## Instructions for the task
Restate word for word the entries below, starting with the line with "Наполнитель для кошачьего" and continuing through the line with "チョコレートムース 柚子ジャム添え クーベルチュールチョコレートで作る、". Include both of those lines and no others.

## Available records
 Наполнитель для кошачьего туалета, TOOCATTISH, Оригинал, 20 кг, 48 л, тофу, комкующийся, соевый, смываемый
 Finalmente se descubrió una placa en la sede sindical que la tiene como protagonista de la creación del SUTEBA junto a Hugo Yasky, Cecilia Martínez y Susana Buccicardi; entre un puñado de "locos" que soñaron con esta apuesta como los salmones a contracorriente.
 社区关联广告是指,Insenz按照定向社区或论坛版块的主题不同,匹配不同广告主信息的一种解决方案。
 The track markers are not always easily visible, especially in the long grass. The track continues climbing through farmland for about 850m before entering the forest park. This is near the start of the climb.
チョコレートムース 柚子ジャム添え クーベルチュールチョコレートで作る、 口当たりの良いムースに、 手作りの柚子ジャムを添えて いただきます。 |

---

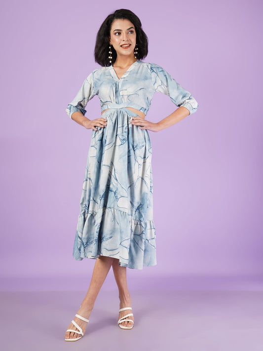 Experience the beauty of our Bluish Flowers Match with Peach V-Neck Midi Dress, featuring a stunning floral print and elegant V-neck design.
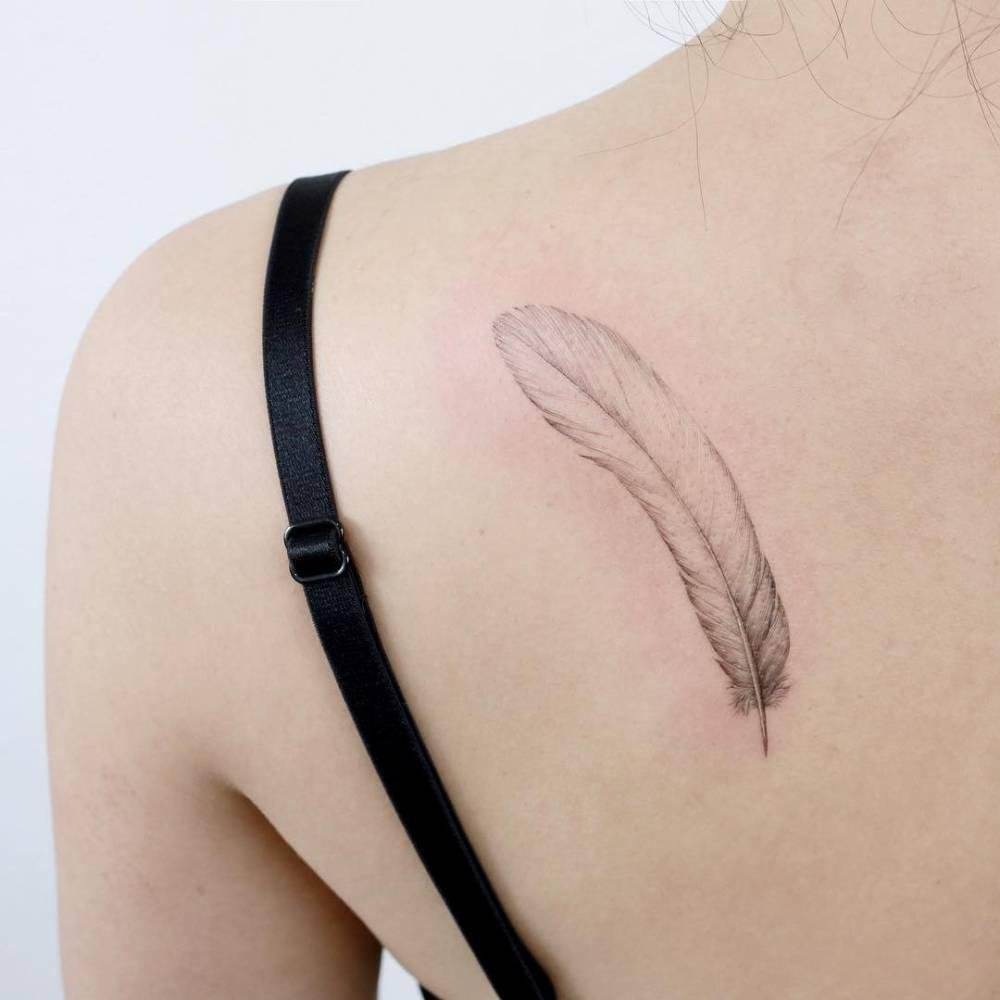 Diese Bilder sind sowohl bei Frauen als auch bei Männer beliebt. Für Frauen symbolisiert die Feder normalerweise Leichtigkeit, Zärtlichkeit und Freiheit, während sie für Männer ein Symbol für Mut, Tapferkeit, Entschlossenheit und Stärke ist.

## Your response
 Наполнитель для кошачьего туалета, TOOCATTISH, Оригинал, 20 кг, 48 л, тофу, комкующийся, соевый, смываемый
 Finalmente se descubrió una placa en la sede sindical que la tiene como protagonista de la creación del SUTEBA junto a Hugo Yasky, Cecilia Martínez y Susana Buccicardi; entre un puñado de "locos" que soñaron con esta apuesta como los salmones a contracorriente.
 社区关联广告是指,Insenz按照定向社区或论坛版块的主题不同,匹配不同广告主信息的一种解决方案。
 The track markers are not always easily visible, especially in the long grass. The track continues climbing through farmland for about 850m before entering the forest park. This is near the start of the climb.
チョコレートムース 柚子ジャム添え クーベルチュールチョコレートで作る、 口当たりの良いムースに、 手作りの柚子ジャムを添えて いただきます。 |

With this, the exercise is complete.